I hadn’t considered that the provided cell centers might not correspond to geometric centroids even for convex polygons.

I think the intention was/is for it to be cell centroid, even though we don't check this when provided by the user or read from a binary grid file. Evidence:

  • https://github.com/modflowpy/flopy/blob/e42f51117d1e0db8d9d7eb22eb8eae713a98262e/flopy/mf6/utils/binarygrid_util.py#L327 defines cell centers as centroids, maybe (but in any case suggestively) as a typo
    • https://github.com/modflowpy/flopy/blob/e42f51117d1e0db8d9d7eb22eb8eae713a98262e/flopy/mf6/utils/binarygrid_util.py#L329
  • https://github.com/modflowpy/flopy/blob/e42f51117d1e0db8d9d7eb22eb8eae713a98262e/flopy/utils/cvfdutil.py#L17 is used when calculating x/y cell centers in other routines
    • https://github.com/modflowpy/flopy/blob/e42f51117d1e0db8d9d7eb22eb8eae713a98262e/flopy/utils/cvfdutil.py#L143
    • https://github.com/modflowpy/flopy/blob/e42f51117d1e0db8d9d7eb22eb8eae713a98262e/flopy/utils/cvfdutil.py#L306
    • https://github.com/modflowpy/flopy/blob/e42f51117d1e0db8d9d7eb22eb8eae713a98262e/flopy/utils/cvfdutil.py#L369
  • https://github.com/modflowpy/flopy/blob/e42f51117d1e0db8d9d7eb22eb8eae713a98262e/flopy/utils/geometry.py#L739 is used from
    • https://github.com/modflowpy/flopy/blob/e42f51117d1e0db8d9d7eb22eb8eae713a98262e/flopy/discretization/unstructuredgrid.py#L1062

Maybe something to clarify in the MF6IO guide. For DIS it doesn't matter but it becomes relevant for DISV/U.
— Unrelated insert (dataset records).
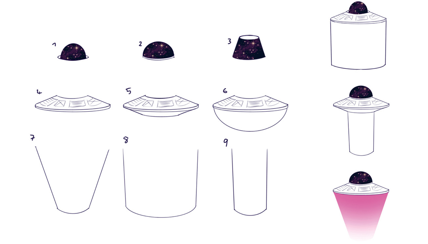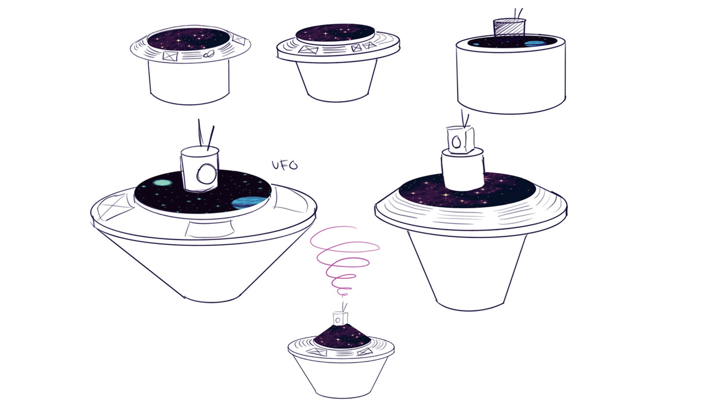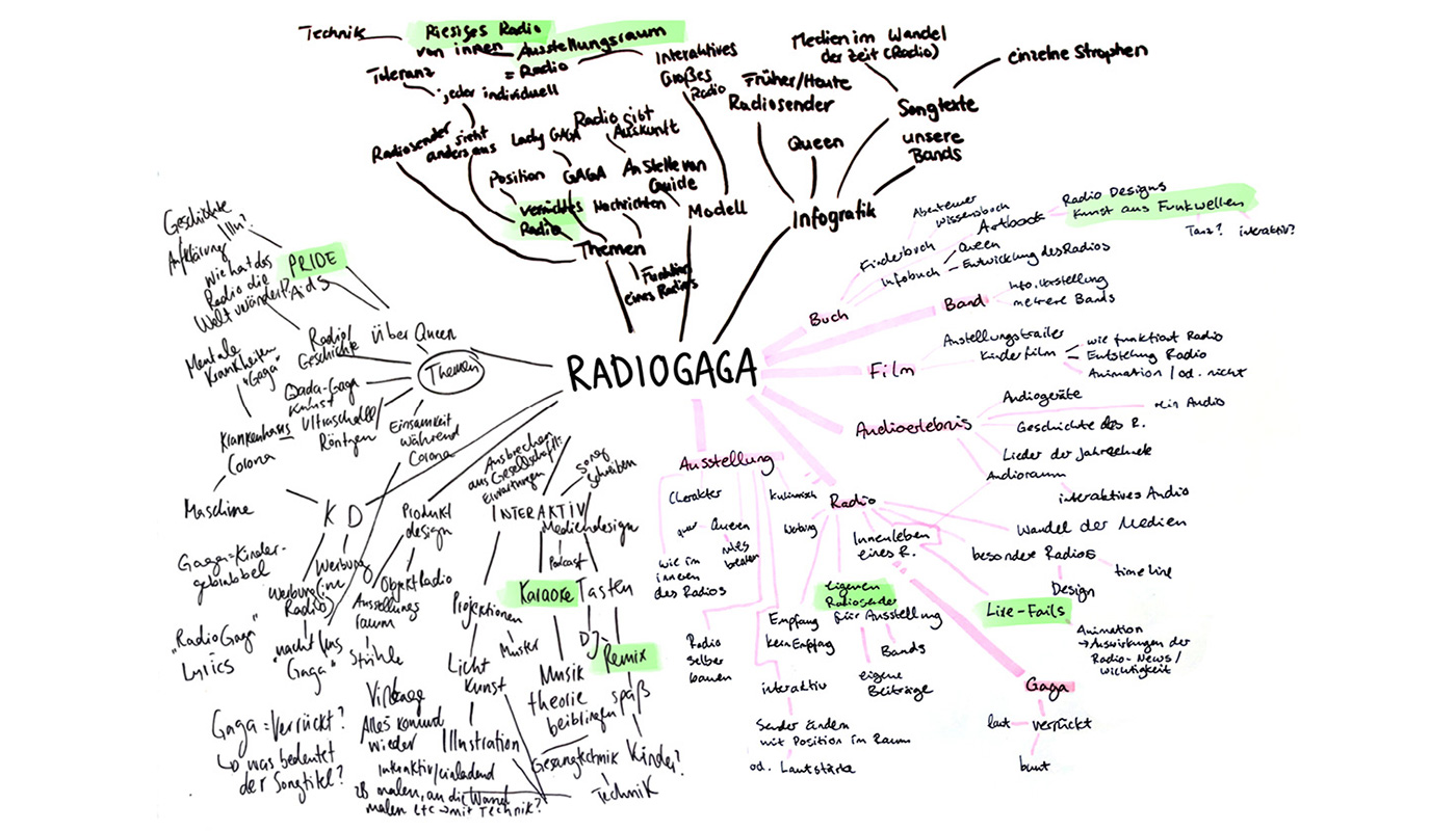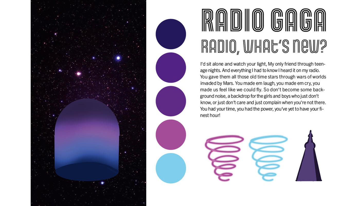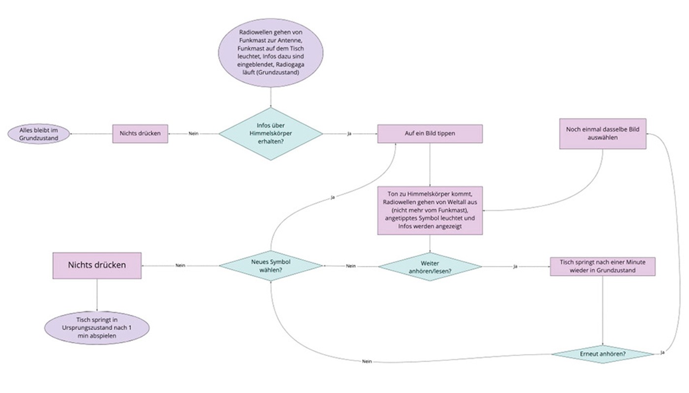 Zuerst beschäftigten wir uns mit der Gestaltung des Raumes und den darin befindlichen Elementen. Wir erstellten verschiedene Skizzen zu dem Aussehen der Wände, der Raumform, der Platzierung der Wellen des Tisches, des Funkmasts und der Tür und entschieden uns für einen runden Raum mit Kuppel, der einem Planetarium ähnelt. Die Radiowellen kommen in der Mitte des Raumes von oben. Sie könnten zum Beispiel mithilfe von Projektoren und einer beinahe durchsichtigen, trichterförmig über dem Tisch aufgehängten Gaze in den Raum projiziert werden. Wir setzten uns genauer mit der Visualisierung dieser Wellen auseinander. Dabei probierten wir von wissenschaftlichen Visualisierungen bis hin zu eigenen Kreationen alles aus und entschieden uns letztendlich für eine Spiralform, wobei die irdischen Wellen, die vom Funkmast ausgehen, pink und die außerirdischen grün-türkis sind. Nach einigen Skizzen und Überlegungen entschieden wir uns dazu, die Informationen über den Tisch in der Mitte visuell zu vermitteln. Der nächste Schritt war das Styleboard: Wir legten das Farbschema des Raumes fest, ebenso wie die Schriftart (Gala: futuristisch und passend zu den Radiowellen). Um uns die Funktionsweise des Raumes genauer vor Augen zu führen, erstellten wir ein Flowchart Diagramm: Wir gestalteten die verschiedenen Möglichkeiten, die der Betrachter hat und die Reaktion der Radiowellen, der Tonspur und der Informationen auf dem Tisch. Die Tonspur besteht aus von der NASA veröffentlichten Audio-Aufnahmen, in der sie Radiowellen, die aus dem All empfangen wurden, in Ton umwandelte. In unserem Raumkonzept hört man, wenn ein Element auf dem Tisch ausgewählt wird, die passende Tonspur, die für jeden Himmelskörper anders klingt.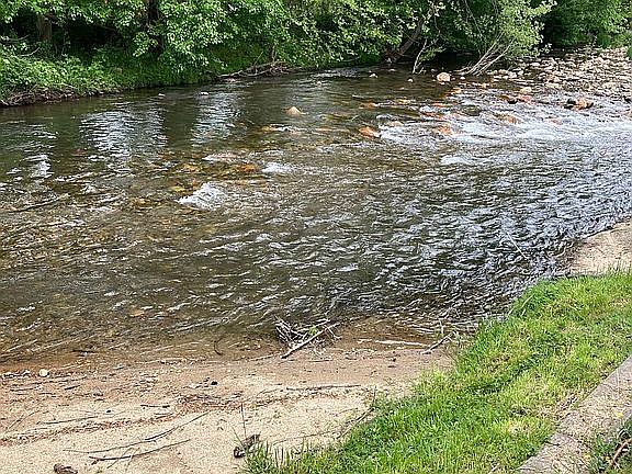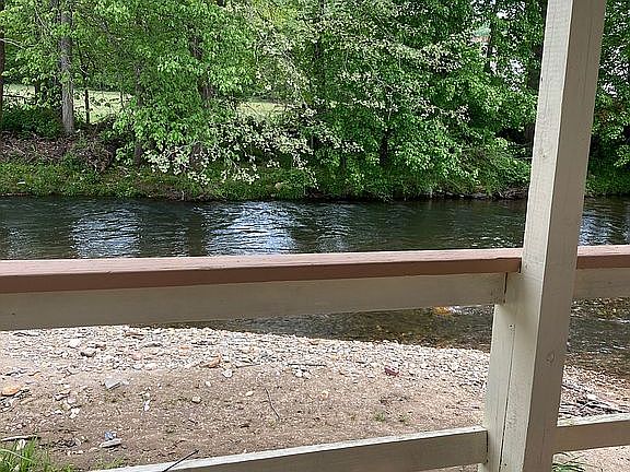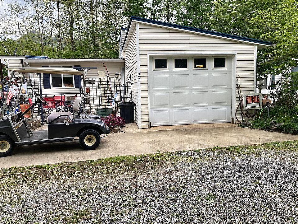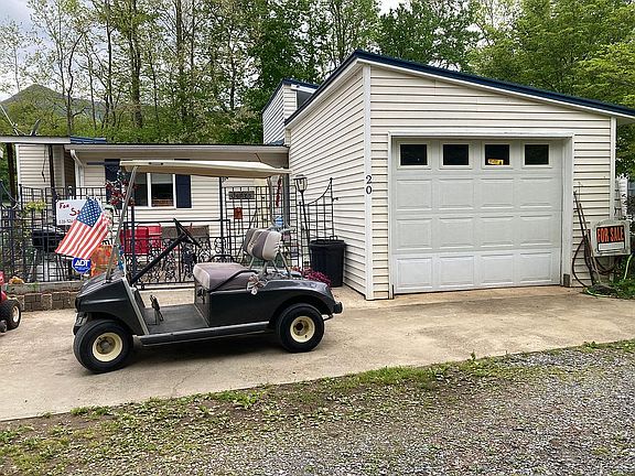 900 sq feet (30X30) plus deck, attached shed, detached garage, decorative iron patio fencing with decorative sliding front gate, and side gate. Mountain home on lovely scenic trout stream, view from deck or great room. Recent renovation for laminate wood look flooring in kitchen, new long kitchen counter that can be used to serve meals and large work area, hallway and bathroom, new bathroom vanity, large bedroom,10 Anderson double pane windows in great room that drop open to clean exterior. Connections for laundry facility. Covered roof between house and garage. Large closet in garage, used for seasonal clothing. Concrete area in front of one car garage for parking second vehicle. Small garden areas for vegetables and flowers.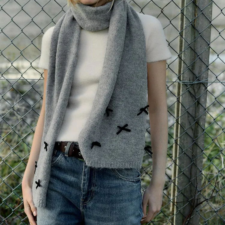 ZARA Шерсть Альпака Бархат Акрил Полиамид Полиэстер Эластан Вязаные шарфы Женские Серый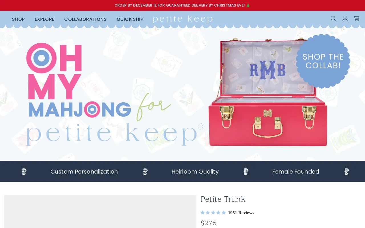 Your Story, Safekept for Generations Safeguard your most cherished memories with a Petite Keep custom heirloom Trunk, personalized and hand-crafted to last a lifetime. Product Details Our medium-sized Trunk: Measurements: 20.4″ L × 10.2″ W × 7.8″ H Materials: Robust matte-finish steel exterior with elegant gold hardware; fully lined with a padded, soft fabric interior. Designed to be lightweight and decorative rather than heavy duty. Embroidery: Size varies slightly depending on character count. Turnaround Time Crafted with pride in Missouri: Please allow 2 weeks for hand assembly plus 2-3 days for shipping and delivery. Ships securely packaged with reinforced corner protection. Each Trunk is inspected prior to shipment. Designed to Protect, Personalize, and Display Heirloom-Quality Protection: Designed to pass down through generations, ensuring your family's history remains vibrant! Deeply Personal & Meaningful: Envision "Ellie Rose 2.20.25" or "Forever Starts Here" embroidered onto your Petite Keep! American Craftsmanship: Each Petite Keepsake Trunk is proudly made-to-order in the U.S. by our skilled, all-woman team. Designed to Display: Add a touch of sophisticated charm to your space while keeping your memories close at hand!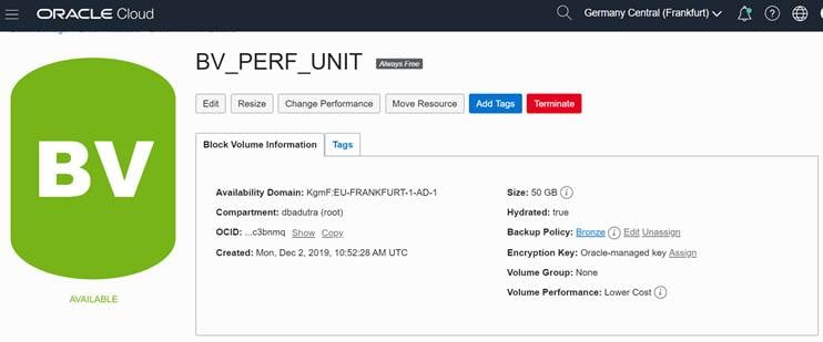 Balanced: Esta é a configuração padrão para novos block volumes e boot volumes e também que já existem. Ele fornece um bom equilíbrio entre desempenho e economia de custos para a maioria das cargas de trabalho, incluindo aqueles que executam I/O aleatórios tais como boot volumes. Esta opção proporciona dimensionamento linear de peformance com 60 IOPS/GB até 25.000 IOPS por volume.Throughtput scales de 480 KBPS/GB até um máximo de 480 MBPS por volume. Com esta opção, você está comprando 10 VPUs por GB/mês.
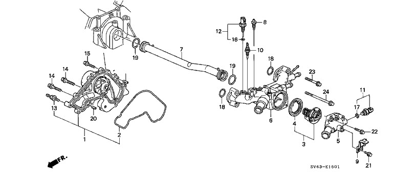 It's called a water passage. Honda discontinued that part (#6 in diagram).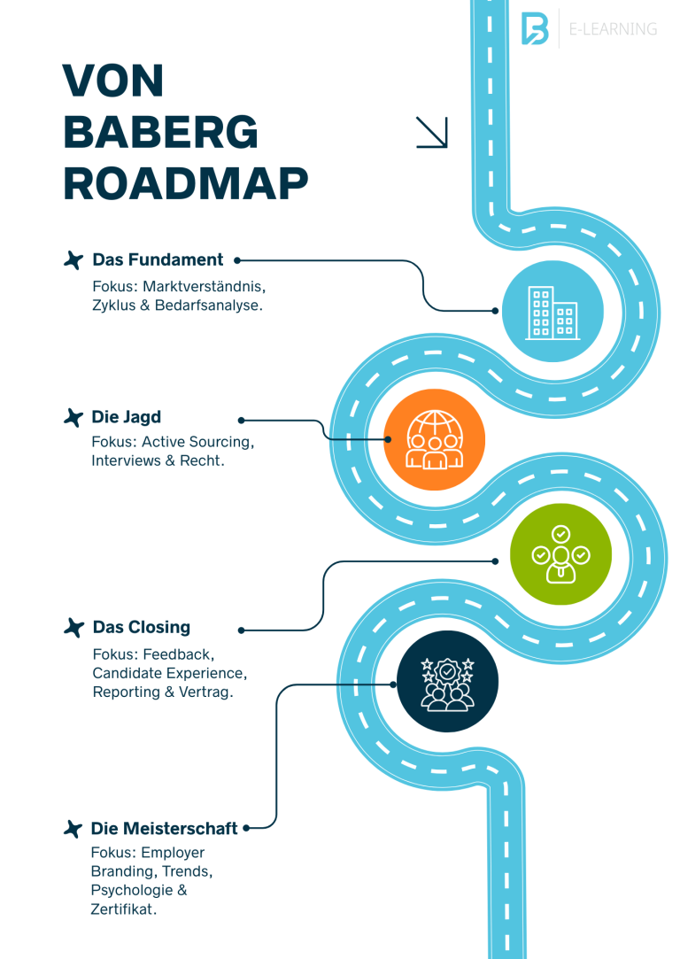In 20 aufeinander aufbauenden Modulen erlernt man Schritt für Schritt, wie modernes Recruiting heute funktioniert.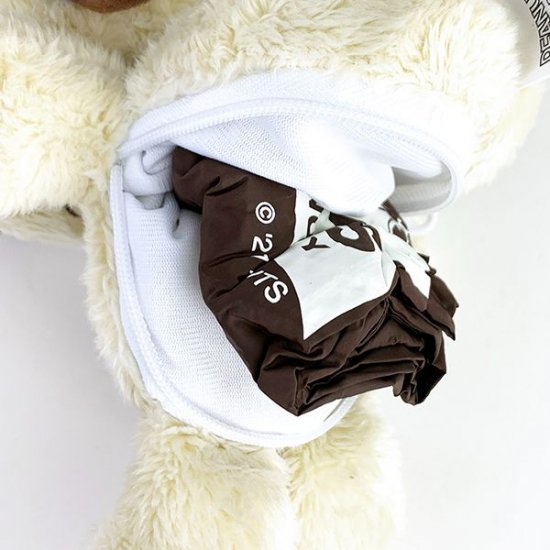 でも、ちゃんと仕事もしてくれます♪マスコットのサイドにファスナーがあり、開くと背中の部分にバッグが収納できちゃいます。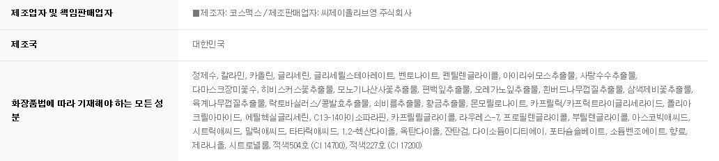 참고로 성분표를 첨부한다.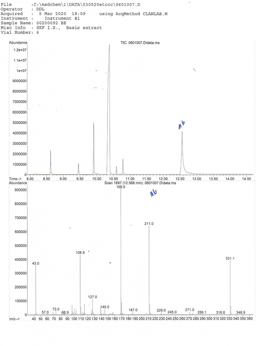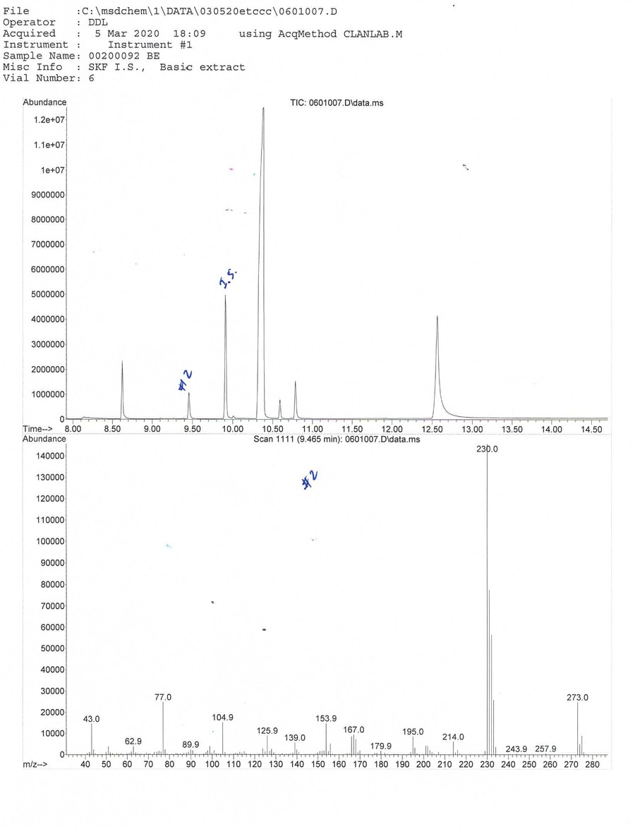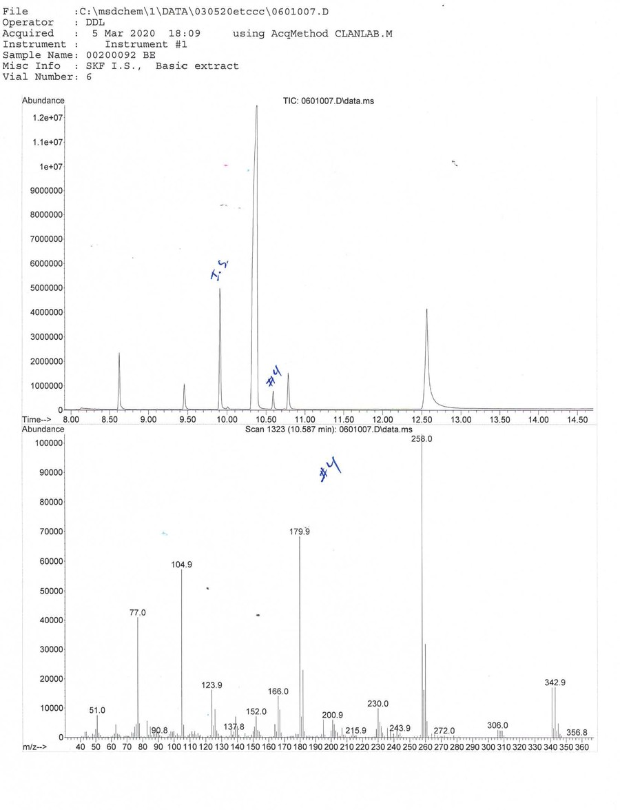 We need the help of outside expert analytical chemists and drug geeks to determine what substance matches the mass spectrum (MS) fingerprint. The lab's GC/MS graphs can be viewed by clicking on the thumbnails on this page.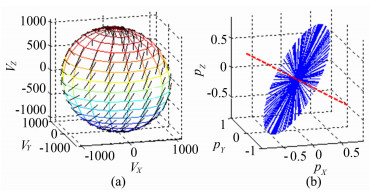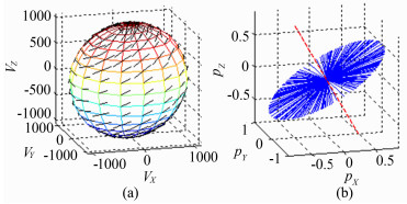对于TTI介质SH波偏振方向,用一组不同对称轴倾角的TTI介质来研究,图 9至图 11为不同对称轴倾角的TTI介质,它们的各向异性参数γ均为0.2,对称轴倾角分别为0°、30°、60°.图(a)表示相速度和偏振向量,其中曲面为等相速度面,短线表示偏振方向;图(b)表示偏振方向,其中实线是偏振方向,虚线是TTI介质对称轴方向.图中表明,不论TTI对称轴倾角取何值,TTI介质SH波偏振方向始终垂直于等相速度面,并且它本身所有的偏振方向均在垂直于对称轴的同一个平面内.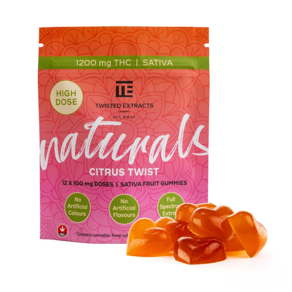 Twisted Naturals Citrus Twist Gummies deliver bright, uplifting sativa effects with a tangy, citrus-forward flavour. Each pack contains 12 fully infused gummies, 100mg each for a total of 1200mg, crafted with natural citrus flavouring and clean ingredients free from artificial colours or flavours. Every piece provides consistent potency, a smooth taste, and reliable daytime elevation.

wpbonelli avatar Dec 01 '25 14:12 wpbonelli

@aacovski it wasn't really clear from previous comment but I think it's best to revert the docstrings to say centroid rather than leaving it ambiguous. my first comment was really to point out the (unwanted?) ambiguity in the existing grid classes, not to say your new ones should change

wpbonelli avatar Dec 02 '25 11:12 wpbonelli

Another thought: why not move the structured grid searchsorted query implementation to GeospatialIndex? That way all the Grid.intersect methods could use the index. Since the index receives the grid on init, it knows what kind it is. This seems a bit neater, and also opens the way for cases where a structured grid query might still find the KD tree useful, e.g. ball queries.

Also just want to say, thanks for working on this. This seems like it will be a great asset both in the near term and longer term- in 4.x it could sit behind xarray-based user APIs, whether builtin .sel syntax (point queries) or, for the fancy stuff, maybe an accessor.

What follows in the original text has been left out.